De acordo com o superintendente do HU, Carlos Edmundo Rodrigues Fontes, o salário não deve ser a causa da falta de interesse. Apesar do salário-base ser de R$ 860,00, ele afirma que a renda mensal pode chegar a R$ 2 mil se contar as gratificações e titulação. ''Com certeza não é o melhor salário do mundo, mas também não é o pior'', disse. Mas, para ele, a questão salarial não deveria nem ser levada em conta diante das oportunidades que o profissional tem ao trabalhar num hospital universitário. ''O médico estará em contato permanente com professores e estudantes e recebendo informações a todo momento; podendo se envolver em pesquisas e ter trabalhos publicados em revista especializada'', afirmou.
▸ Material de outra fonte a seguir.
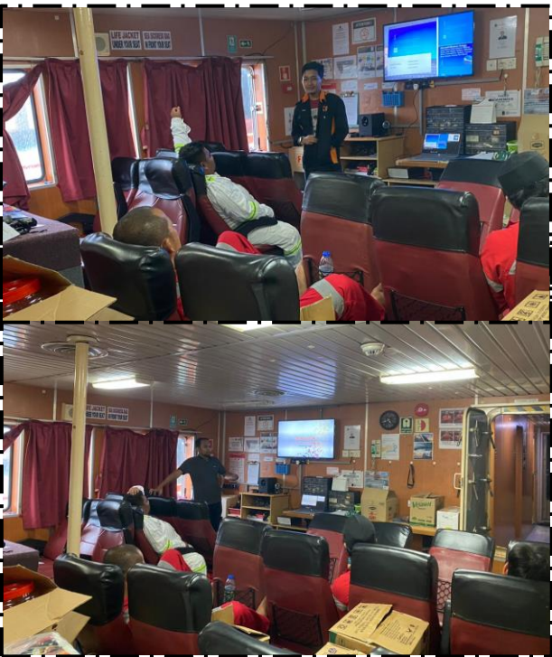
CYBER CRIME SECURITY (ONLINE SCAMMER) AWARENESS BY IPK TERENGGANU 25.7.2024

Conforme Fontes, outro fator que pode ter dificultado a participação no teste seletivo é a contratação por um período de apenas um ano, podendo ser prorrogado para mais um. Segundo ele, a direção do hospital não publicou edital de convocação em outros Estados porque são poucas as chances de um médico se mudar para Maringá por um período curto.
Apesar disso, Fontes afirmou que está otimista. ''Acho que as vagas serão preenchidas até porque muita gente deixa tudo para a última hora''. Segundo o superintendente do HU, a diretoria do hospital mantém a expectativa de estar com a nova ala funcionando na segunda quinzena de setembro.
Com 2.780 metros quadrados de área construída, a nova ala do HU abriga seis leitos de UTI pediátrica, oito leitos de UTI adulta, Pronto Socorro, três salas para observação de adultos, uma sala para observação de criança, uma sala para enfermaria de trauma, uma sala para enfermaria clínica e ainda salas para consultas. Além de mais espaço para garantir melhor atendimento, a ala deverá amenizar os problemas de falta de leitos para UTI adulta e pediátrica pelo SUS em Maringá. Ontem, à tarde, por volta das 16h30, três pessoas, sendo dois adultos e uma criança, aguardavam leitos para atendimento intensivo. A criança, uma menina de oito anos estava com traumatismo craniano e em coma induzido. Ela aguardava uma vaga em UTI pediátrica desde domingo à noite.